Residu chyme yang masuk ke usus besar mengandung air, mineral, bakteri,
dan zat lain yang tidak dicerna atau diserap saat berada di usus halus. Tidak ada
enzim pencernaan yang disekresikan oleh usus besar. Sebaliknya, bakteri usus
menguraikan molekul makanan yang tidak tercerna. Tindakan ini menghasilkan
vitamin B dan vitamin K tertentu, selain gas (kentut). Mukosa usus besar
mengeluarkan lendir dalam jumlah besar yang melumasi lapisan usus dan
mengurangi abrasi saat bahan bergerak6.
Fungsi utama usus besar adalah penyerapan air, beberapa mineral, dan
vitamin karena isinya perlahan-lahan bergerak melalui usus besar. Banyak dari
penyerapan ini terjadi sebelum chyme mencapai kolon desendens, di mana ia
membeku untuk membentuk tinja. Tinja mengandung sejumlah besar bakteri,
lendir, dan air serta molekul makanan yang tidak tercerna6.

2.2 Definisi
Abses perianal didefinisikan sebagai kumpulan nanah lokal di jaringan
perianal. Abses anorektal diklasifikasikan berdasarkan lokasinya yang
berhubungan dengan sfingter ani. Abses pada daerah perianal adalah jenis abses
yang sering terjadi dan merupakan infeksi superfisial yang berada diantara
sfingter ani interna dan eksterna dan mendekati anus. Abses yang menembus
sfingter ani eksterna disebut abses ishiorectal. Abses intersfingter yaitu infeksi
pada ruang diantara sfingter interna dan eksterna. Ketika abses memanjang
melalui dinding rektum di atas otot levator disebut abses supralevator. Abses post
anal dalam yang memanjang ke salah satu atau kedua fossa ishiorectal dinamakan
abses tapal kuda (horseshoe abscess)8.

2.3 Epidemiologi
Insiden abses perianal sekitar 68.000 hingga 96.000 kasus di Amerika Serikat
per tahun dengan prevalensi pria 3: 1 selama dekade ketiga dan keempat
kehidupan. Kondisi ini terlihat lebih banyak pada musim panas dan musim semi.
Meskipun sering menjadi perhatian pasien, data tidak mendukung bahwa ada
peningkatan risiko dari kebersihan, hubungan seks anal-reseptif, diabetes,
7

obesitas, ras, atau kebiasaan buang air besar berubah. Gangguan tersebut
tampaknya lebih sering terjadi pada pria daripada wanita 9. Etiologi yang sering
terjadi adalah infeksi kelenjar yang timbul dari kriptus anal.
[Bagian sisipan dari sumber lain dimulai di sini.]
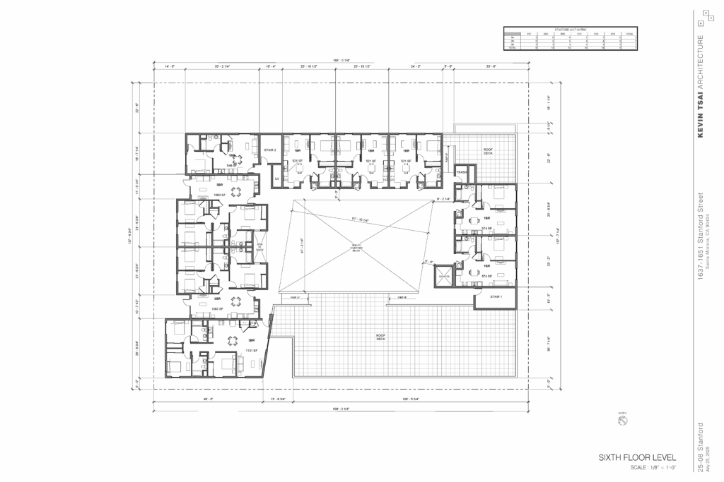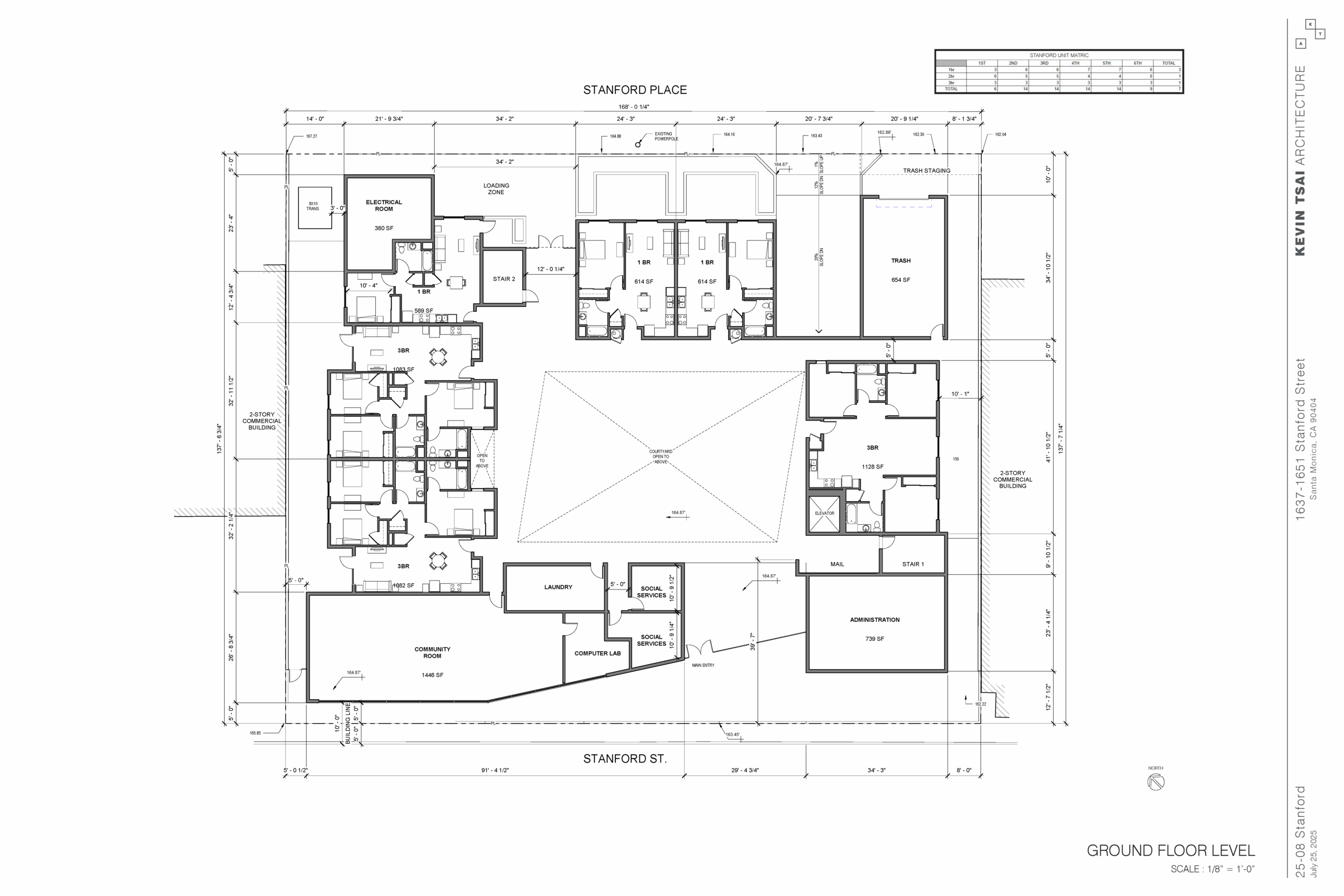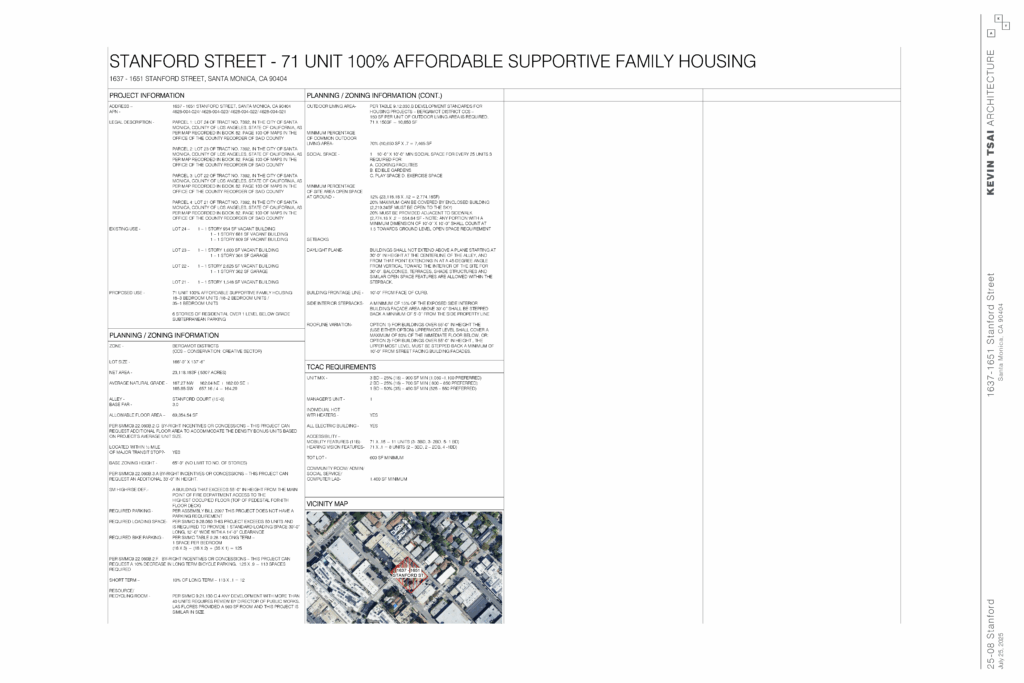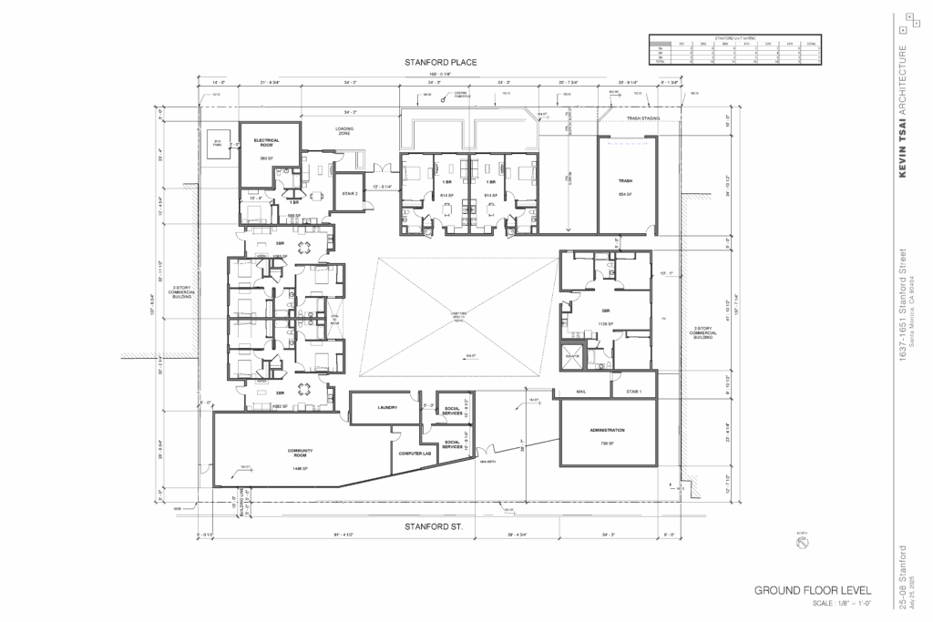 “Stanford,” the proposed project, represents a 71-unit 100% affordable multifamily community that will target large family households earning between 30%-80% AMI. There will be 35 one-bedrooms, 18 two-bedrooms (including 1 manager’s unit), and 18 three-bedrooms. The project spans approximately 66,900 sf of residential and amenity space, with a maximum height of six stories. Stanford will include a courtyard, community room, tot-lot, laundry room, bike storage room, 54 parking spaces, edible garden, roof deck, and offices for property management and residential services.

Hal ini dapat
menjelaskan mengapa proporsi abses perianal dikaitkan dengan fistulain-ano baik
sejak awal atau sebagai manifestasi selanjutnya pada 26-37% kasus10.

2.4 Etiologi
Kebanyakan abses perirektal berasal dari kelenjar anal yang terinfeksi.
Kelenjar ini berada di dasar kriptus anal dan terletak di tingkat garis dentate.
Kebanyakan orang memiliki antara enam dan delapan kelenjar seperti itu, yang
meluas ke sfingter internal dan termasuk alur intersphincteric. Obstruksi kelenjar
ini menyebabkan stasis, pertumbuhan bakteri yang berlebihan, dan akhirnya abses
yang terletak di alur intersphincteric. Abses ini memiliki beberapa jalur keluar,
yang paling umum adalah ekstensi ke bawah ke anoderm (abses perianal) atau
melintasi sfingter eksternal ke dalam fosa ischiorectal (abses fossa ischiorectal)11.
Rute penyebaran yang kurang umum adalah di atas alur intersphincteric ke
ruang supralevator atau di bidang submukosa. Ketika abses dikeringkan, baik
secara pembedahan atau spontan, persistensi fokus septik dan epitelisasi saluran
pengeringan dapat terjadi dan menyebabkan fistula-in-ano kronis. Sekitar 10%
abses perirektal dianggap bukan karena kelenjar anal yang terinfeksi tetapi akibat
dari penyebab yang lebih spesifik seperti penyakit Crohn, trauma, Human
Immunodeficiency Virus, penyakit menular seksual, terapi radiasi, atau benda
asing11.
Faktor risiko dari abses anal meliputi kolitis, Inflammatory Bowel Disease:
Crohn’s disease atau kolitis ulseratif, diabetes, divertikulitis, pelvic inflammatory
disease, menjadi pasangan reseptif dalam seks anal, penggunaan obat-obatan
seperti prednison12.
8

2.5 Patofisiologi
Penyakit supuratif anorektal pada umumnya terjadi akibat infeksi pada
kelenjar anal (infeksi kriptoglandular) yang ditemukan pada bidang
intersphincteric. Duktus-duktus ini melintasi sfingter internal dan bermuara ke
dalam kriptus anal setinggi garis dentate. Infeksi pada kelenjar anus menyebabkan
pembentukan abses yang membesar dan menyebar di sepanjang salah satu dari
beberapa bidang di ruang perianal dan perirektal7.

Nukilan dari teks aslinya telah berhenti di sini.